From: aidotengineer

Prompt engineering remains crucial for effectively working with Large Language Models (LLMs) and developing AI-based features [00:00:27].

Why Prompt Engineering is Still Important

While some memes suggest simply telling a model what to do, anyone who has actually shipped an AI-based feature understands that it is much more nuanced [00:01:00]. Understanding what you want the model to do can itself be a significant challenge [00:01:07].

Prompt engineering serves as an excellent starting point for individuals [00:01:12], offering the easiest and most accessible method to obtain better outputs from LLMs [00:01:15].

It is part of a larger system [00:01:19]. While everyone may have access to the same models, the prompts and architecture surrounding them can provide a competitive advantage in a product [00:01:23].

Simplicity and Efficiency

Prioritizing the simplest solution is key [00:01:38]. It’s easy to get carried away when working with LLMs [00:01:42]. Spending an hour experimenting with a prompt before concluding that a complex Retrieval Augmented Generation (RAG) system is necessary is not advisable [00:01:48]. If a solution can be achieved through prompt engineering, it is often much simpler to manage [00:02:00].

Key Prompt Engineering Methods

The speaker highlights two main and highly effective methods:

Other methods often fall under the umbrella of general reasoning prompts [00:02:14].

Chain of Thought Prompting

This method involves instructing the model to reason or “think about the problem” before providing an answer [00:02:27]. It helps break down problems into sub-problems [00:03:38], offering insight into the model’s thinking process, which aids troubleshooting [00:02:41]. It is widely applicable, easy to implement [00:02:48], and so powerful that it’s now often built into reasoning models [00:02:52].

A classic zero-shot approach is to add phrases like “think step by step” or “take a breath and take it through” to encourage reasoning before output [00:03:12]. Few-shot examples of reasoning steps can also be provided [00:03:17]. LLMs can also be used to generate these reasoning chains, for instance, through frameworks like Automatic Chain of Thought or AutoReason [00:03:30].

Few-shot Prompting

This involves including examples within the prompt for the model to mimic, effectively “showing rather than telling” [00:04:47]. Most performance gains are achieved with just one or two examples [00:05:19], as adding too many examples can sometimes degrade performance [00:05:29]. Builders typically need only one or two diverse examples to cover different inputs [00:05:37].

Meta Prompting

This involves using an LLM itself to create, refine, or improve a prompt [00:05:55]. Various frameworks and free tools exist for this purpose, such as those provided by Anthropic, OpenAI’s playground, and PromptHub [00:06:11]. PromptHub’s tool tailors the meta-prompt based on the selected model provider, as prompts optimized for one model might not be effective for another [00:06:22].

Prompting with Reasoning Models

Reasoning models behave very differently in terms of their internal workings and how they are prompted [00:06:56].
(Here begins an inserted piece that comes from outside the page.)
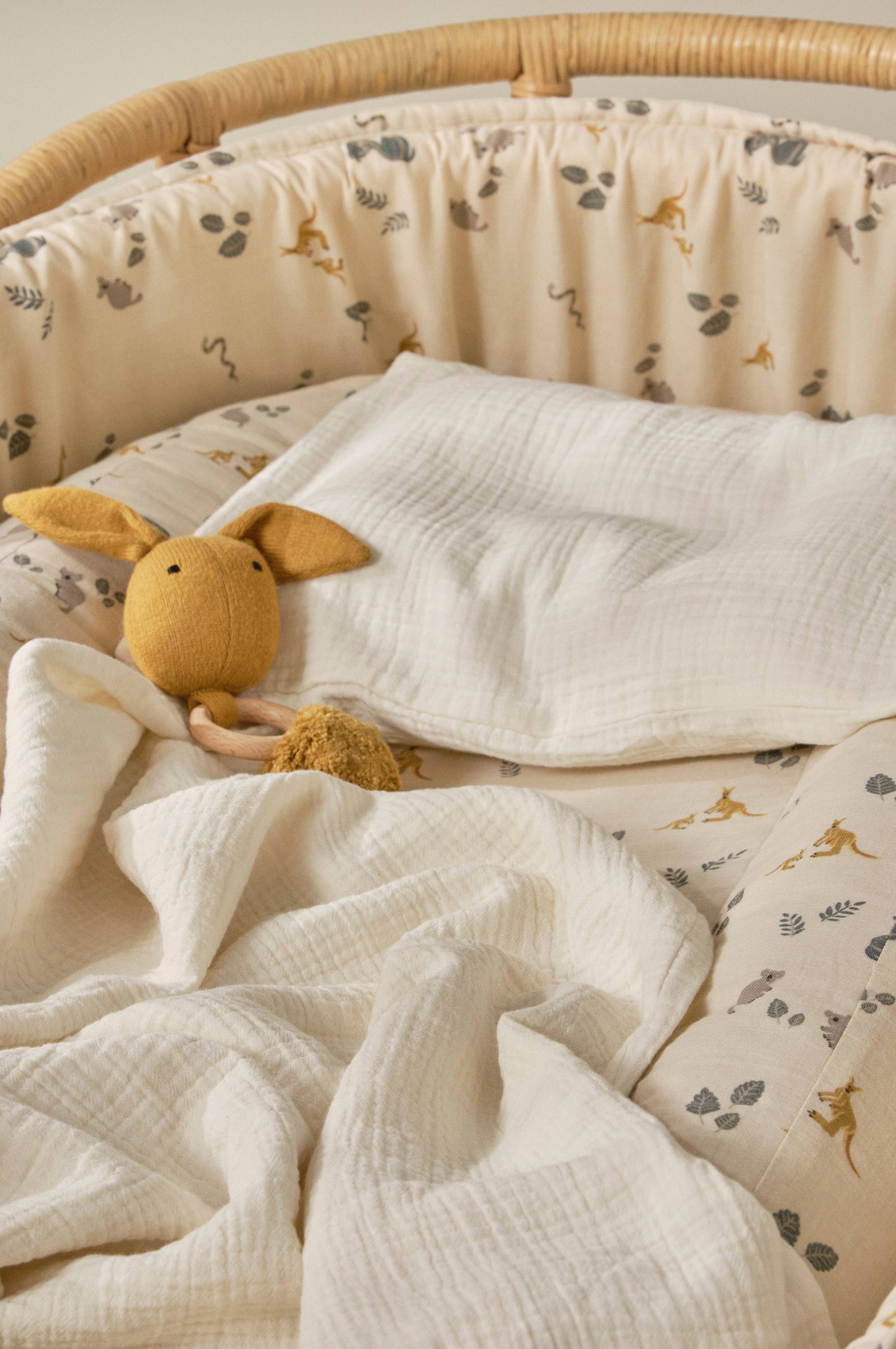Dwuczęściowy komplet pościeli z cudownego, ekologicznego, bawełnianego muślinu. Komplet nadaje się do wózków i kołysek. Muślin jest miękką tkaniną, tkaną w taki sposób, aby powstały niewielkie wybrzuszenia, dzięki którym materiał jest miękki i łatwy w utrzymaniu. Nie wymaga prasowania ani maglowania. W tej wygodnej muślinowej tkaninie będzie się przyjemnie spać. Otwór w górnej krawędzi ułatwi nawleczenie poszwy na kołdrę. Gęstość splotu materiału wynosi 178 TC. (Gęstość splotu materiału oznacza ilość przeplecionych ze sobą nici, thread count, na cal kwadratowy materiału. Im wyższa gęstość tym lepsza jakość.)

[!WARNING|Caveats with Reasoning Models]

  • Fewer Examples are Better: Research, such as Microsoft’s MedPrompt framework with O1 and findings from DeepSeek with R1, indicates that adding examples can lead to worse performance [00:07:16]. OpenAI also noted that providing excessive context can overcomplicate things and confuse the model [00:07:27].
  • Encourage More Reasoning: The more reasoning a model performs, the better the output can be [00:07:40]. Extended reasoning has been shown to yield better results [00:07:52], increasing accuracy and performance [00:08:05].
  • Avoid Instructing Reasoning: For reasoning models, there’s no need to explicitly instruct them on how to reason, as it’s often built-in [00:08:34]. Doing so can actually hurt performance [00:08:39].

[!NOTE|General Recommendations for Reasoning Models]

  • Use minimal prompting [00:08:12].
  • Provide a clear task description [00:08:14].
  • Encourage more reasoning if facing performance issues [00:08:22].
  • Avoid few-shot prompting, or start with only one or two examples if necessary [00:08:30].